In a vector database, embedding size plays a crucial role in determining the operating cost. While smaller embeddings can lead to higher efficiency and lower cost, they also offer less granularity. It would be beneficial for a vector database to provide flexible embedding sizes catering to different end-users. In this blog post, we discuss a technique that allows such flexibility.
Matryoshka Representation Learning (MRL) is a technique that allows flexible sizes of embeddings with minimal model adjustments. Once a model generates an embedding of fixed-size for a sample, it utilizes the first several dimensions to create a separate, smaller embedding. For example, if the size of original embedding is 512, we can extract the first 256 dimensions, 128 dimensions, and 64 dimensions to create three smaller embeddings. This group of user-selected dimensions (i.e., {512, 256, 128}) is referred to as a dimension set.
When using MRL, a model needs to be trained with training losses computed by each sub-dimension embedding. By doing so, the model learns to condense important information in the smaller dimensions. In this blog, we trained Generalized Contrastive Learning (GCL), our model that extends CLIP to allow multiple representations for a sample, with MRL on a subset of GS-Marqo-10M. For more information on GCL and the dataset, refer to our blog.
For each dimension in the dimension set, we extract the Matryoshka representation for image and text features. These representations are used to calculate a loss for each sub-dimension. The final loss is a weighted sum of these losses. The weights, referred to as relative importance scales, can be either ones or predetermined weights.
We compared the retrieval and ranking performance of GCL with and without MRL across in-domain, novel query, novel document, and zero-shot splits. The relative reduction of normalized discounted cumulative gain (nDCG) is demonstrated when the embedding size decreases, with the original embedding's performance set as the benchmark at 100%. It's evident that GCL trained with MRL maintains nDCG across different splits, while GCL without MRL experiences a significant decrease in performance. This demonstrates that the embedding sizes can be reduced by training the model with MRL, while minimally affecting its performance.
A crucial question is whether the GCL trained with MRL performs as well as the original GCL without MRL, using the same embedding size. This would confirm that the model trained with MRL can be used even without reducing the embedding size, offering flexibility in choosing to either reduce or maintain the original size. Otherwise, separate models would need to be trained, limiting its practical use. Our findings demonstrate that both GCL with MRL and without MRL perform similarly with the original embedding size.

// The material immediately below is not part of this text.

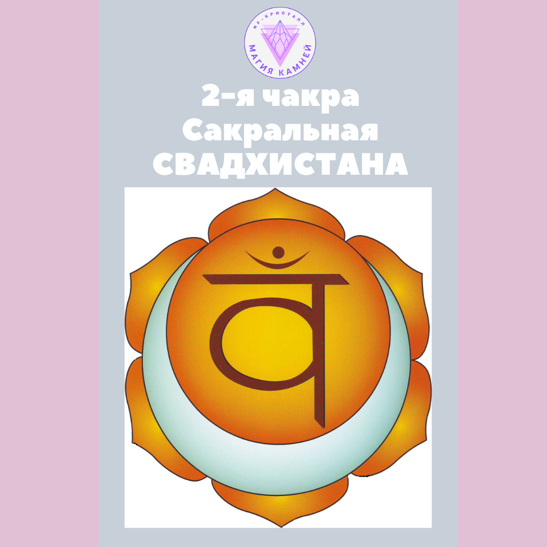 Свадхистана-чакра (स्व, sva — ‘я, свой собственный, мой’, अधिष्ठान, adhiṣṭhāna — ‘обитель, местопребывание, позиция’) — Сакральная чакра, источник эмоций и желаний. Название можно перевести как ‘обитель «Я»’, «место пребывания ‘Сва’». Месторасположение: от пятого поясничного позвонка до пятого крестцового, область половых органов. Таттва — вода. Элемент воды помимо самого себя включает в себя все остальные элементы, кроме земли. Янтра — круг с лунным серпом, с биджа-мантрой ВАМ в центре, с шестью лепестками. Отвечает за чувство вкуса. Цвет — оранжевый. Как и с Муладхара-чакрой, так и со Свадхистаной, тесно связана энергия Апана-ваю. Активация чакры происходит с восьми до четырнадцати лет. Аспекты: чувственность, фантазии, творческая активность.

Important notes: MRL is known to encourage a model to converge faster, which complicates a straightforward comparison between GCL with and without MRL by merely adding MRL losses during training. In our experiments, we decreased the number of epochs and modified relative importance scales to establish a setting where both GCL with MRL and GCL without MRL show similar in-domain performance. Therefore, the results shouldn't be interpreted as MRL damaging in-domain performance while enhancing novel query, novel document, and zero-shot performance. Rather, they indicate that both achieve comparable performance.
There are crucial hyperparameters such as the dimension set and relative importance scales and architecture choices we can make . Here are some observations on them:
Please note that Method #2 bypasses the MRL truncation process, creating a loose connection to MRL. Despite this, we have included it for comparison as it serves as a straightforward baseline. Method #1 shows advantages in the novel query split, but it underperforms in other splits. In contrast, Method #2 performs best in the novel document and zero-shot splits when using smaller embedding sizes. The decision to include a projection linear layer is not straightforward and might be worth experimenting with, depending on the specific use case.
The original paper introduced "adaptive retrieval" for retrieval tasks. This method uses smaller dimensions to first retrieve document candidates, which are then reranked using larger dimensions. However, in this blog, we only considered a first-stage retrieval system and did not apply the adaptive retrieval. Implementing such a method could potentially improve performance further.
In this blog, we analyzed the effectiveness of MRL for a CLIP-based model, GCL, in multimodal retrieval and ranking. Our findings indicate that training the model with MRL can mitigate performance degradation when the embedding size decreases. We also examined the impact of changes in hyperparameters and the model's architecture on its performance. Overall, MRL could enable users to select the embedding sizes for the same model without incurring additional computational cost. However, careful consideration and thorough experimentation are crucial to optimize the model's performance.